No puedo negarlo, sentía bastante miedo al jugar estos títulos. No obstante, con el tiempo
el miedo se convirtió en empatía por los sobrevivientes de la horda de zombies que
devoraron Racoon City. O Silent Hill, un pueblo que proyectaba los infiernos personales de
cada individuo que encontrabas. Todos estaban ahogados en la neblina del lugar,
desamparados, muriendo eternamente en los errores cometidos y, sobre todo, solos.
Gracias a mi profesora Zayda Ferres a los trece años, hasta los trece años, tuve una buena
experiencia con un libro. Drácula, el libro guía que dio paso a todos los que vinieron
después. No fue voluntaria su lectura y sin embargo, me quito el peso del miedo a leer. Es
paradójico que un clásico del terror te quite el miedo de leer. Después, leímos narraciones
extraordinarias de Edgar Allan Poe y se empezó a crear un hábito en mí. Gracias a Zayda
también conocí el teatro, cada día del idioma íbamos a ver una obra de Shakespeare
durante los cuatro años en los que el colegio apoyó sus iniciativas: Romeo y Julieta, El
Mercader de Venecia, Sueño de una Noche de Verano, Ricardo III en el teatro Jorge Eliécer
Gaitán son los recuerdos más preciados de los inicios de mi adolescencia, junta a las burlas
y los profesores vigilando el cine rotativo, los ojos de un niño viejo conociendo el centro
junto a sus compañeros del colegio.
Entre el colegio y la universidad conocí uno de los libros que me ha acompañado durante
toda la vida. Una edición golpeada, sin portada y con varias hojas carcomidas por vaya a
saber qué bicho de Cien Años de Soledad. Junto a un amigo leímos esta novela al mismo
tiempo y descubrí el placer de conversar sobre una obra literaria. También llegó mi
primera afición lectora, el Boom Latinoamericano, leí a Cortázar, Bioy Casares, Fuentes,
Borges. En este periodo también leí la Divina Comedia.
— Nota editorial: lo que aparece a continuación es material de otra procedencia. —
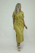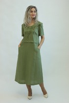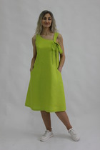 Платье полуприлегающее с ассиметричным рельефом. Рукав – крылышко. Объём по талии регулируется декоративными завязками. В среднем шве спинки молния. Низ изделия асимметричный. Длина изделия 110 см.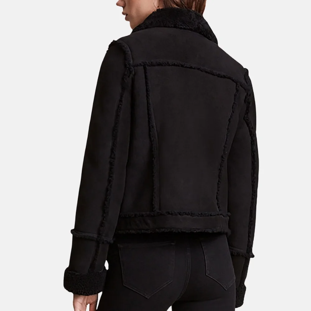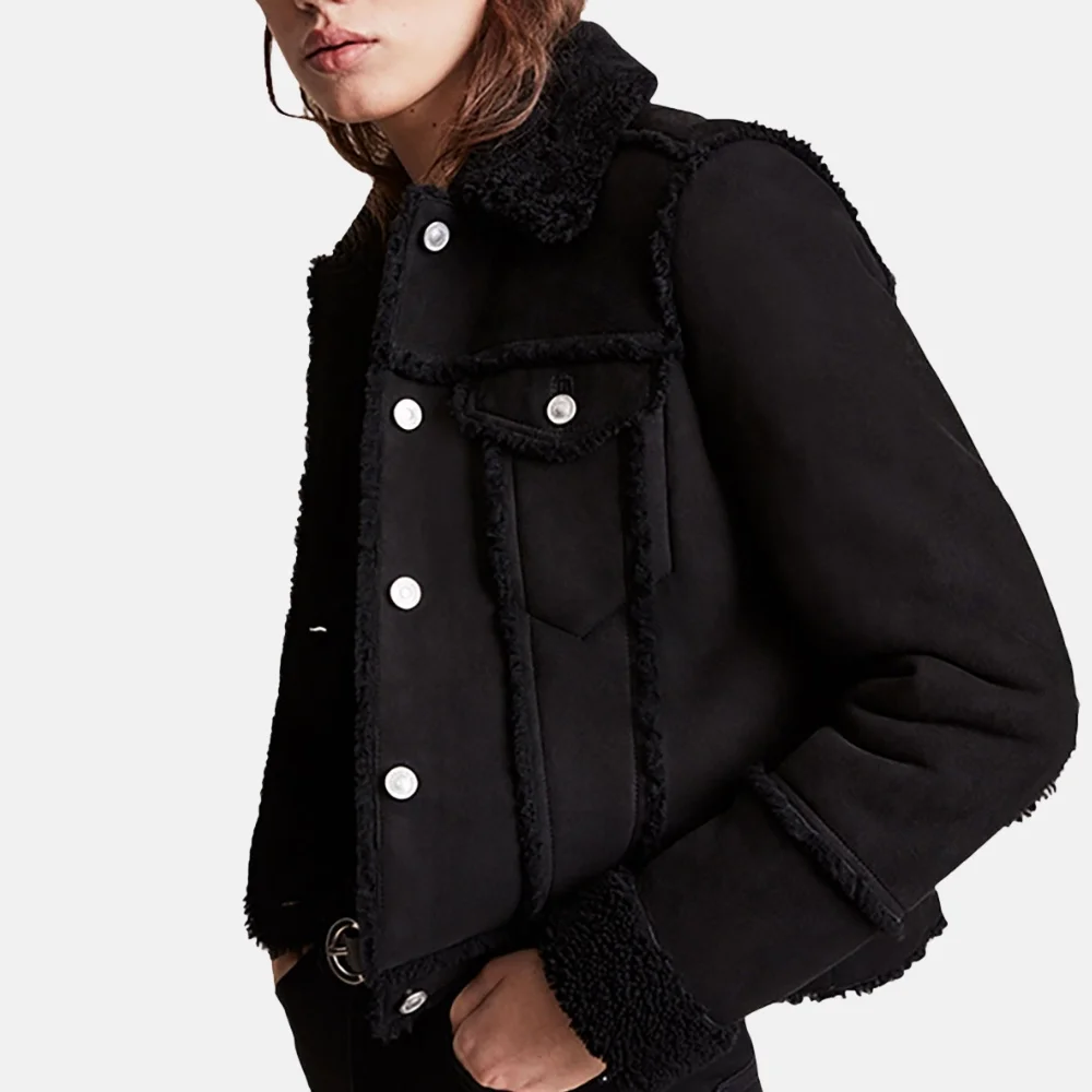 Buy Megan Women’s Black Trucker Shearling Leather Jacket with Fleece Lining Now On Sale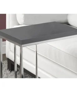 For a brilliant home upgrade, this glossy grey C shape side table does the trick. Supported by an elegant chrome metal base, the end table is made for anything from snacks and drinks to your laptop, tablet and even decorative accents that complement the rest of your decor. Bringing a modern touch to your small home, condo or apartment, this C table slides nicely under the couch or bed. Study session? Favorite movie? Quiet reading time? This side table handles all of the above.. Elevate the modern tone of your living room, office space, family room or den with this stylish glossy grey and chrome metal C end table. Use it conveniently as a snack table or sofa side table. This C shape side table slips easily under your sofa, chair or bed and sits slightly off the ground to prevent damage to your floor. Solid chrome metal base delivers optimal stability.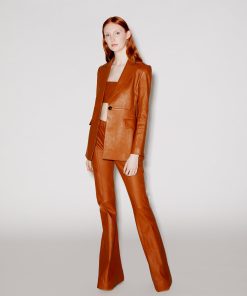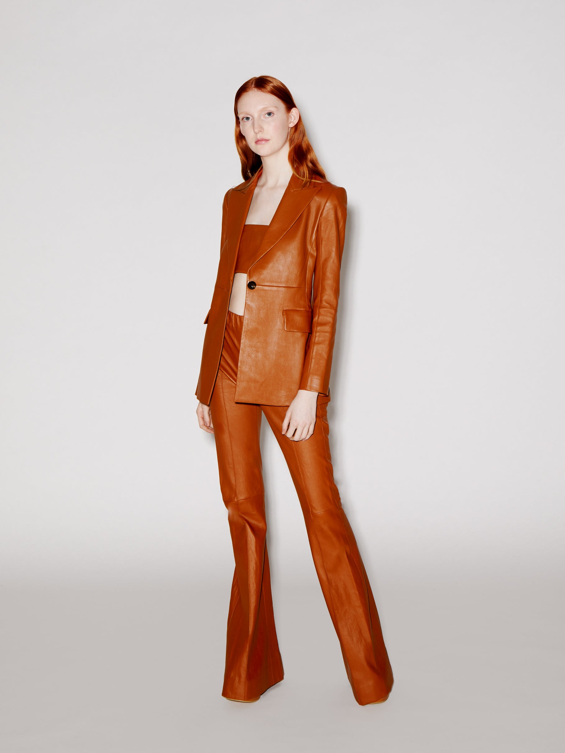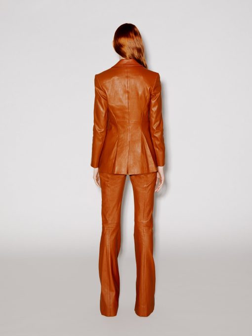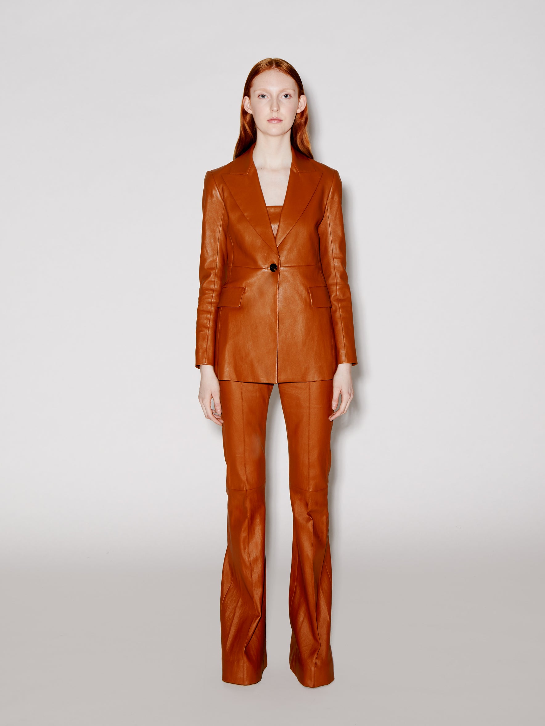 A signature Rosetta Getty style, this tailored blazer is elevated by its soft, stretch lambskin construction. Sophisticated peak lapels pair with a longer silhouette while shaping seams provide a perfect fit.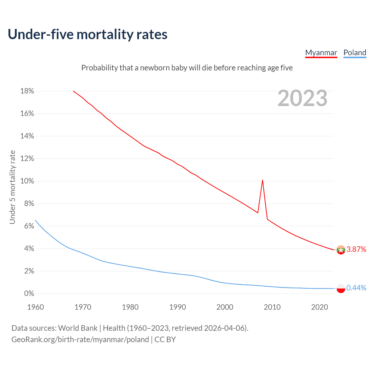 The chance that a newborn baby will die before reaching age five is 3.87% in Myanmar and 0.44% in Poland. Above is a chart with historical data on under-five mortality rates.
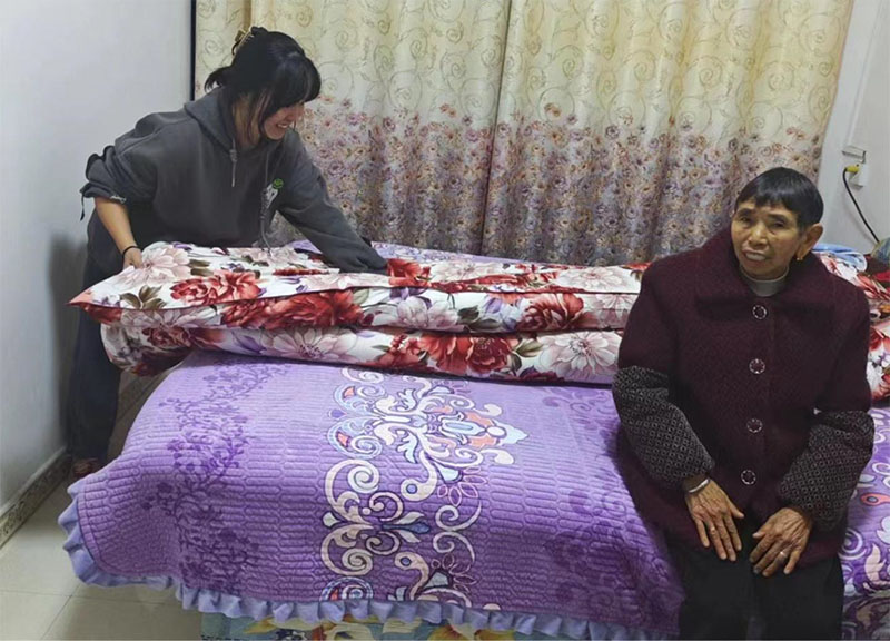 實踐團成員發現養老院部分老人行動不便,難以自行整理自己的床鋪,這不僅影響了老人的生活質量,也讓居住環境顯得凌亂不堪。志愿者幫助老人整理床鋪,為老人創造出整潔舒適的生活環境。

Para ser sincero, sólo disfruté el
infierno y no recuerdo si terminé el cielo, lectura muy tortuosa que me recuerda la canción
del Cuarteto de Nos “¡Al cielo no!”.
Terminando la universidad conocí una docente que salvó mi carrera profesional mientras
cruzaba el último año de su vida laboral. Ella es Sofía Castañeda, temida por muchos;
adorada por pocos. Gracias a su cátedra de literatura inglesa y literatura norteamericana
superé una crisis que por poco me hace dejar la universidad. Gracias a ella conocí los
cuatro viajes de Gulliver de Jonathan Swift (siempre me ha parecido que Liliput es el más
simple de los cuatro), 1984 de Orwell y un Mundo Feliz de Huxley, Virginia Woolf y Sylvia
Plath, Trumbo y Paul Auster. Paul Auster, el mejor escritor vivo que he leído.
Haciendo esta autobiografía descubro y me da vergüenza reconocer las pocas mujeres que
he leído, pero lo mucho que le debo a tres mujeres en mi vida lectora: mis profesoras
Zayda, Sofía y mi mamá. Gracias a mi madre pude hacer mi carrera universitaria sin la
necesidad de trabajar, si trabajé durante mi vida universitaria fue para mis caprichos,
nunca por obligación y eso marca una diferencia abismal en la calidad del aprendizaje y la
posibilidad de terminar la carrera. Además, gracias a la forma como me contó la historia
patria y algunos sucesos que ella recordaba de la historia colombiana del siglo XX,
desarrollé un gusto por la historia.
Para terminar, quisiera hablar de uno de los hallazgos más importantes en mi vida como
lector: el libro álbum. En mi infancia tuve varios libros ilustrados, de hecho, mi edición de
narraciones extraordinarias de Poe es ilustrada. Sin embargo, en mi primer trabajo como
promotor de lectura conocí este tipo de libros y creo que saldé una deuda con mi infancia
iletrada. Gracias a este descubrimiento también empecé a leer novelas gráficas y cómics.
Es extraño como la vida nos da la oportunidad de corregir los errores cometidos, en mi
carrera estudiantil siempre tuve problemas en el análisis de imagen, nunca pensé que iba a
superar esta carencia. Gracias a mi carrera como promotor de lectura, y sin la presión de
evaluaciones con una única respuesta correcta, he mejorado bastante la forma como
interpreto las artes visuales.
Sólo puedo dar gracias a la lectura y desde mi profesión intentar transmitir este amor a la
mayor cantidad de personas.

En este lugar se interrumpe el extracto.